MEF and the transmission and distribution losses. The term CO2 intensity is frequently

used in Chapter 5, where the CO2 emissions displaced by the cogeneration systems are

evaluated.

The empirical approach has been adopted in the case of other electricity systems as well. McKenna et al. [95] used the dispatch data of large generators from the all-island Ireland from the beginning of 2008 until the end of 2012. They estimated that the short-run MEF of the stated grid was found to be equal to 0.54 kgCO2⁄kWh. Siler-Evans et al. [90] investigated the trends of the short-run MEFs over the electricity generation mix in the United States. In this paper, they did a spatial analysis by dividing the electricity generation mix of the United States to eight independent regions – without considering the imports and exports between regions. They found that the short-run MEF for the regions with higher shares of coal-generated electricity tend to experience higher inter- seasonal variation. Similar to Hawkes’s study, these studies highlighted the importance of temporally explicit approach when estimating the short-run MEFs[90, 91].
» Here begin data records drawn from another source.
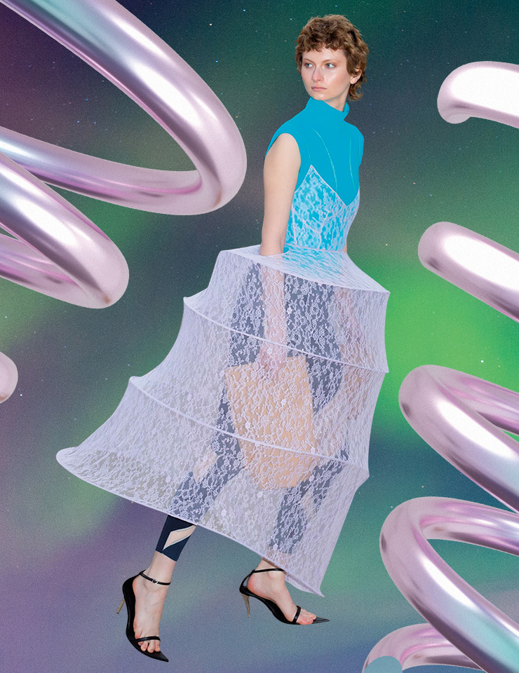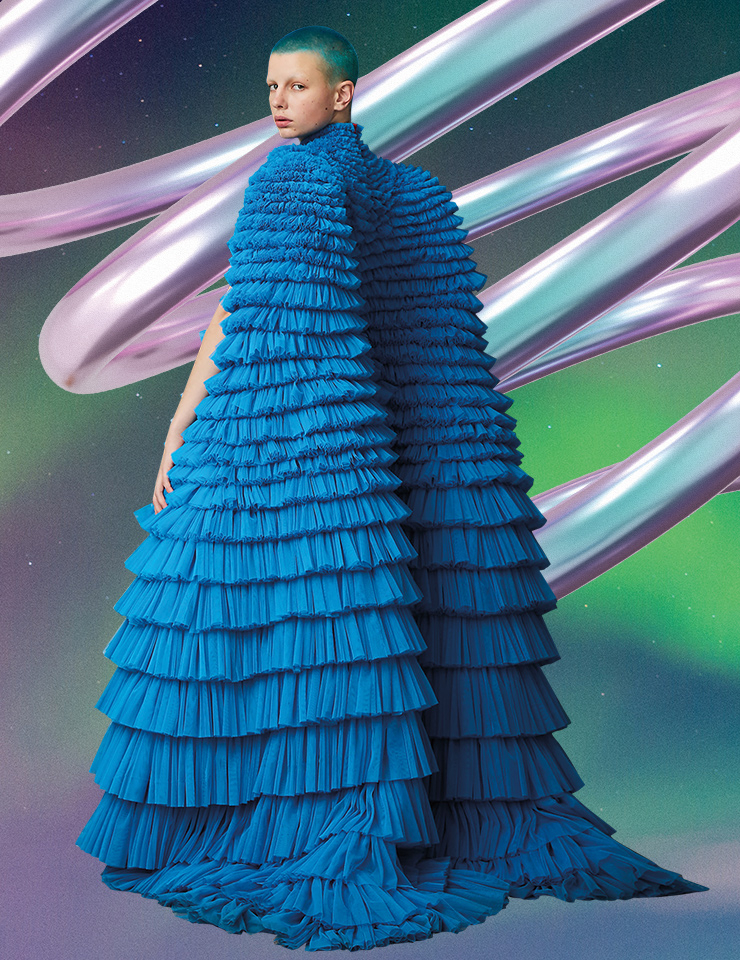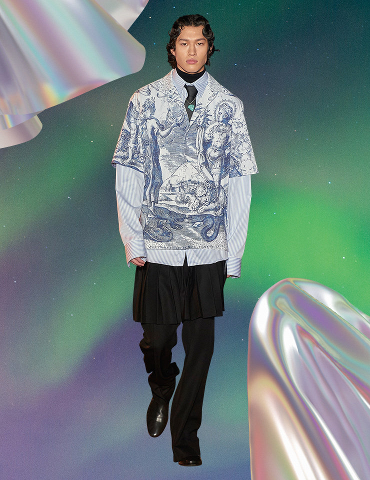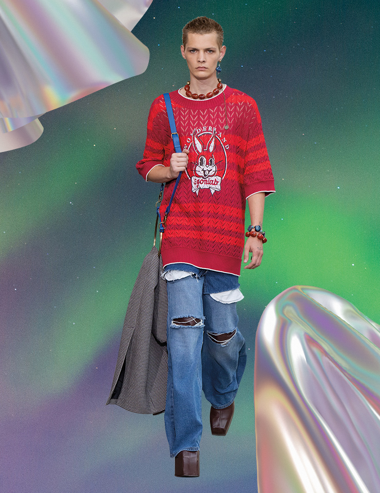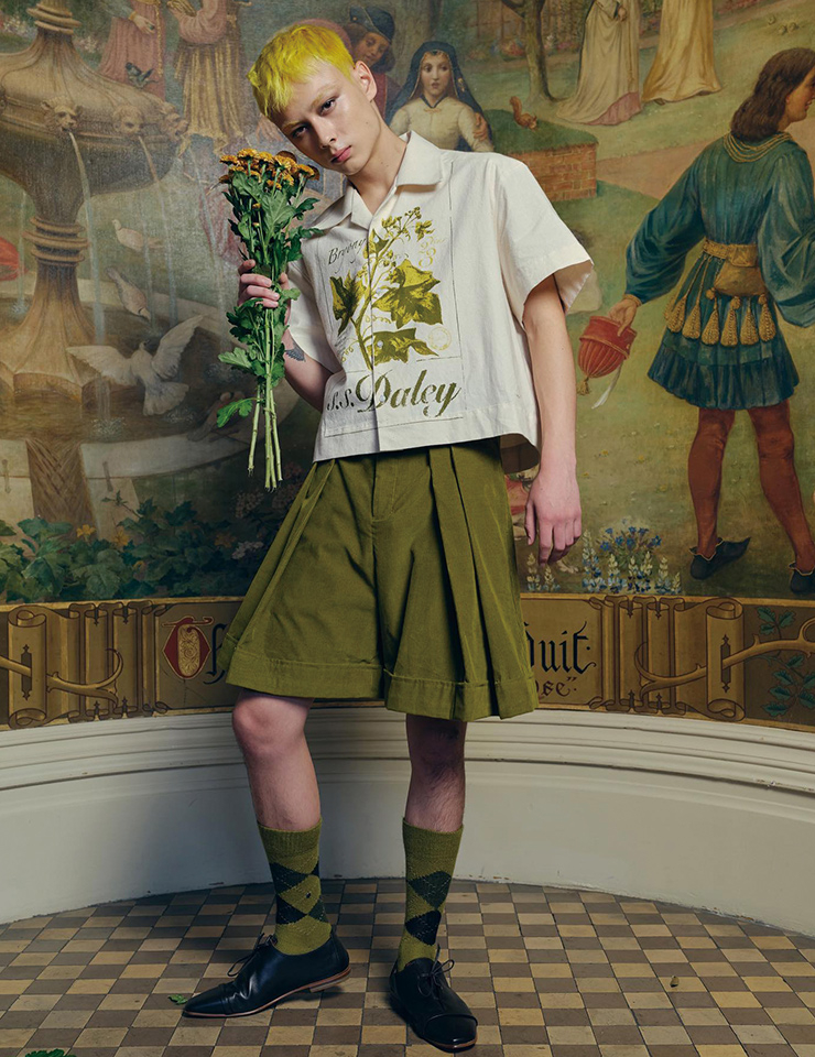 」LVMH 프라이즈의 2022년도 우승자인 디자이너 스티븐 스토키 달리. 해리 스타일스가 ‘골든’ 뮤직비디오에서 그의 옷을 입어 이미 전 세계에 이름을 알린 디자이너다. 2020년 웨스트민스터 대학 졸업 컬렉션을 시작으로 브랜드를 론칭한 그는 고향 리버풀에서 쌓은 어린 시절의 추억과 다양한 영국 사회의 전통을 주제로 서정미 가득한 젠더 플루이드 룩을 선보이고 있다. 재생 소재와 기부받은 잉여 원단을 활용해 컬렉션을 제작한다.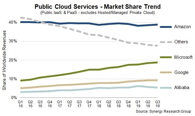 Klar ist jedoch, dass Google weiter Marktanteile gewinnt. Während Amazon laut Synergy Research in den vergangenen Quartalen bei einem Marktanteil von 40 Prozent lag, hat Google zugelegt und kommt nun auf knapp zehn Prozent.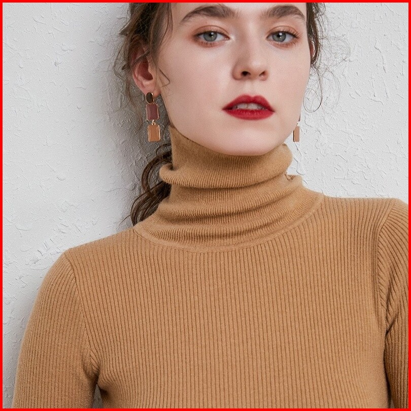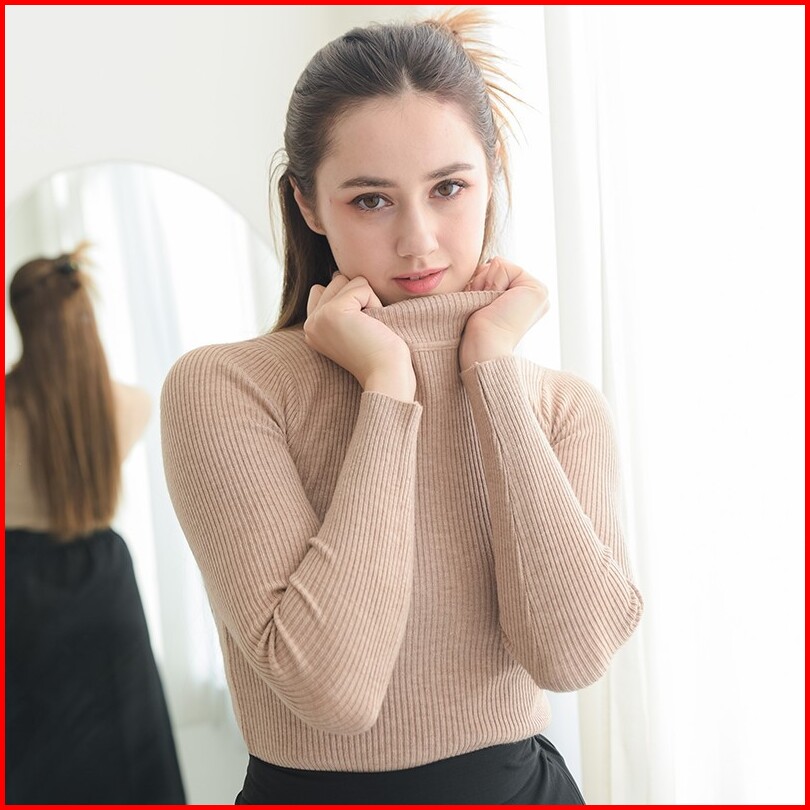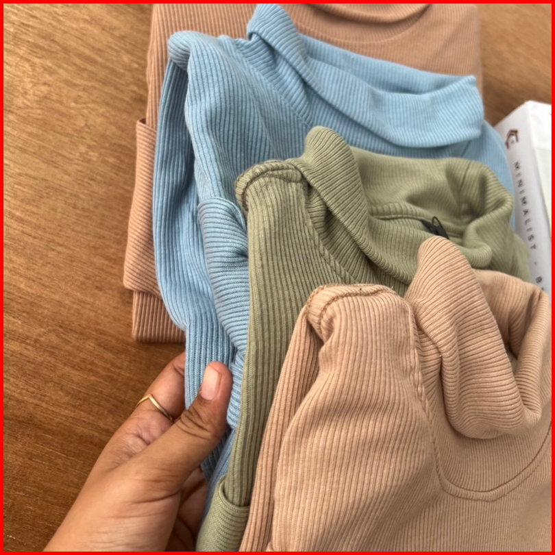Turtleneck Pria Dan Wanita Leher Tinggi Lengan Panjang Rib Rajut Polos Premium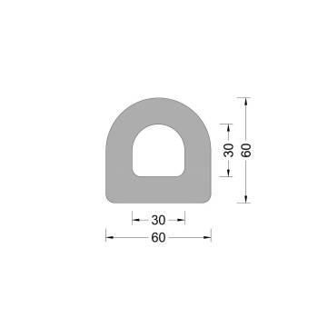 Rubber D fender profiel met de breedtemaat van 60mm en de hoogtemaat van 60mm.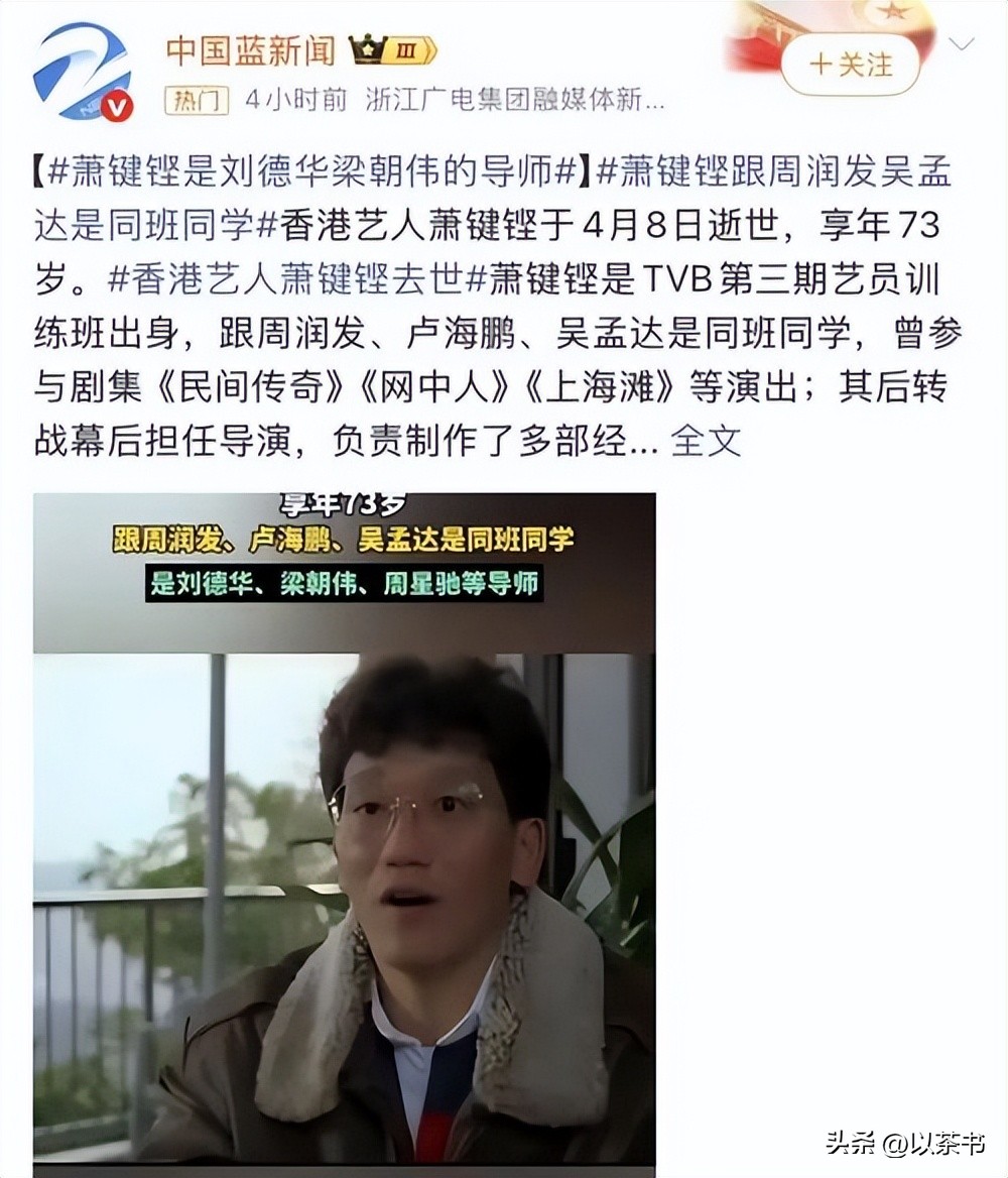 4月8日,73岁的萧键铿因为肺炎合并心脏衰竭离世。萧键铿这个名字普通观众可能不太熟,但在香港影视圈内部,他的分量相当重。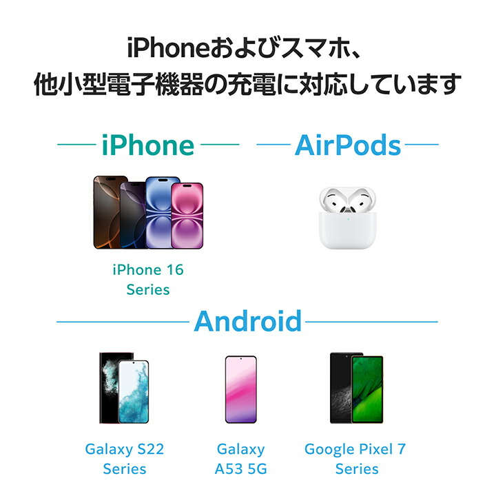 ■iPhoneをはじめとしたスマートフォンはもちろん、iPadなどのタブレット、MacBook Airなどのノートパソコン、NINTENDO SWITCH(TM)、NINTENDO SWITCH Lite(TM)などのゲームも充電可能です。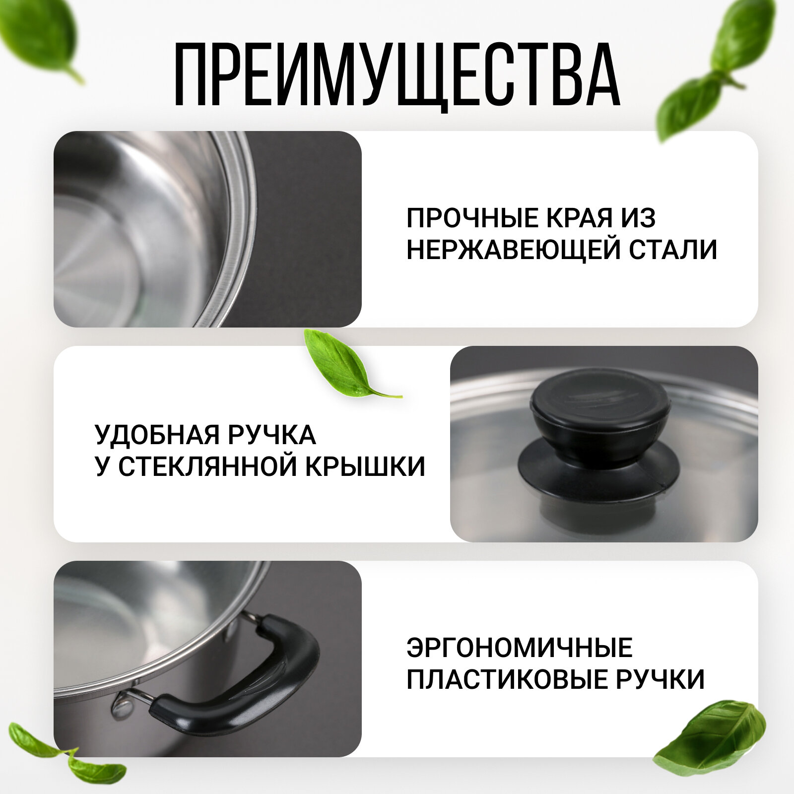 Набор посуды из нержавеющей стали, 3 предмета: кастрюли 1 л, 1,4 л, 1,8 л, d=15/17/18,5 см, крышки, индукция
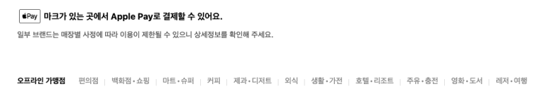 매장에서 직접결제를 할 경우 애플페이 마크가 있는 곳에서 결재가 가능합니다.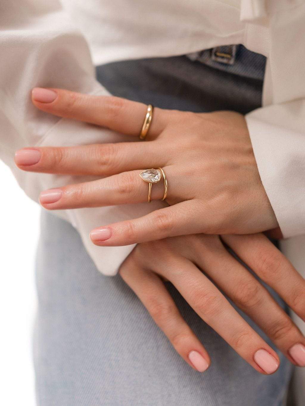 A perennial fave, the Zinfandel ring is clean and simple yet very fashion forward ring! This diamond has a lovely, high dome with a lovely, subtle shimmer!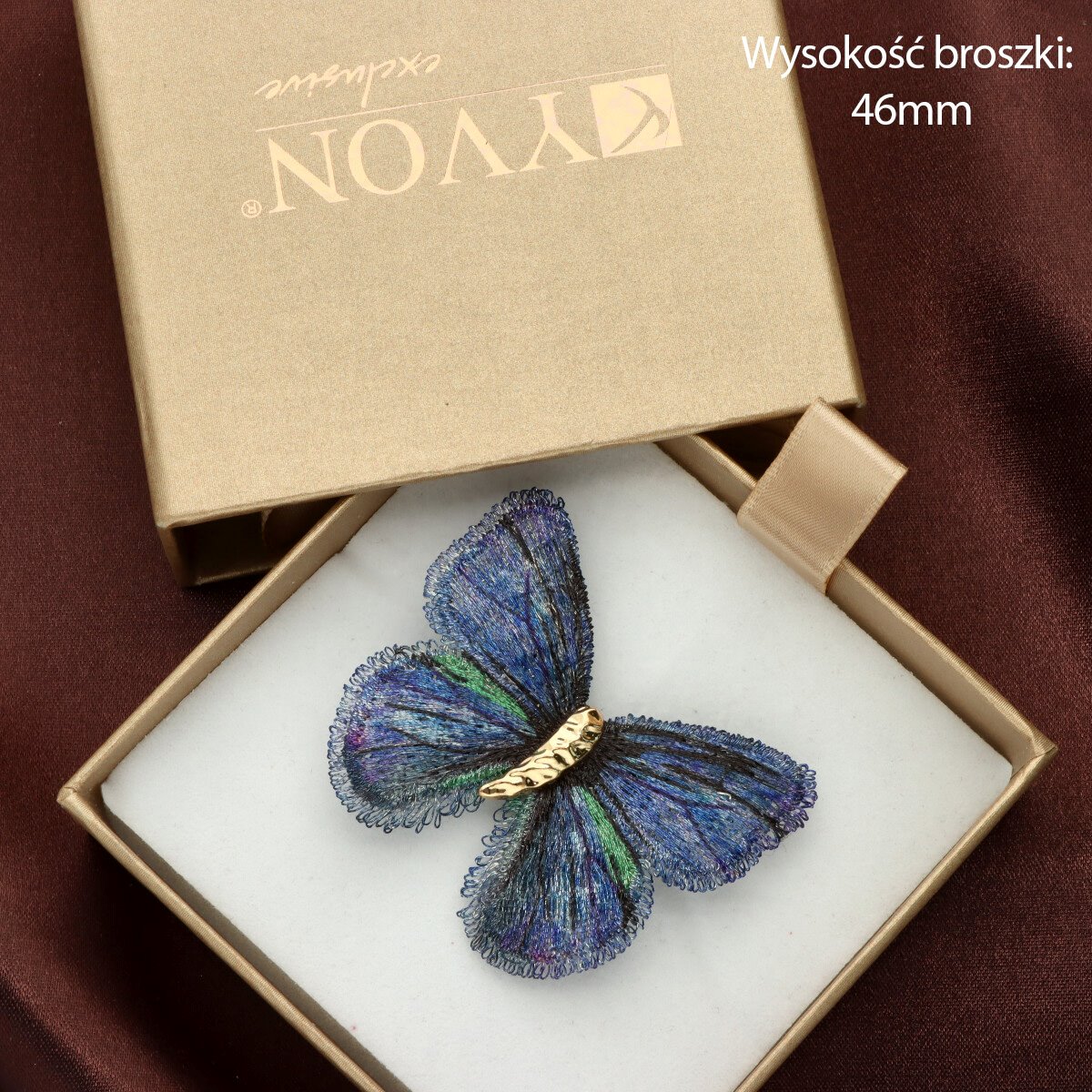 Elegancka broszka w kształcie motyla, wykonana z wyjątkową dbałością o detale. Misternie uformowane skrzydła mają strukturę przypominającą delikatny haft lub ręcznie plecione włókna, dzięki czemu całość wygląda lekko, a zarazem bardzo efektownie. Subtelne przejścia kolorystyczne nadają broszce głębi i sprawiają, że pięknie mieni się przy każdym ruchu.

An inherent advantage of the empirical approach is its ability to account for various constraints and drivers which are embedded in the grid’s operation. The fact that dispatch data contains all the operational constraints (e.g. ramp-rate, start-up duration) and the logistical limitations (e.g. transmissions line capacity, planned or unplanned maintenance), makes it ideal in terms of capturing the details of plant operations. The disadvantage of empirical approach is that it is not ideal to conduct a long-run analyses [96].

The long-run analysis of the grid involves some sorts of energy system modelling [92]. In broad terms the estimation of long-run MEFs consists of four steps: to estimate the net demand in the future; to constitute the merit order stack from the available generation portfolio; to determine the marginal generation; to calculate the marginal emissions factor. In addition to the short-run analysis, Hawkes estimated the long-run MEFs of the GB’s grid in [92]. In this paper, he used an optimisation tool to minimise the cost of meeting system’s demand, for a given time in the future. Then, he constructed the merit order based on marginal cost. The marginal generation mix was then identified based on the merit order and the estimated net demand. Finally, he calculated the emissions factors of the marginal generation mix of the GB’s grid in the future. He found that the average long-run MEFs vary between 0.26 and 0.53kgCO2/kWh, for the interval between

2014 and 2024. In addition to this, his analysis estimated that by 2035 the long-run MEF approaches zero.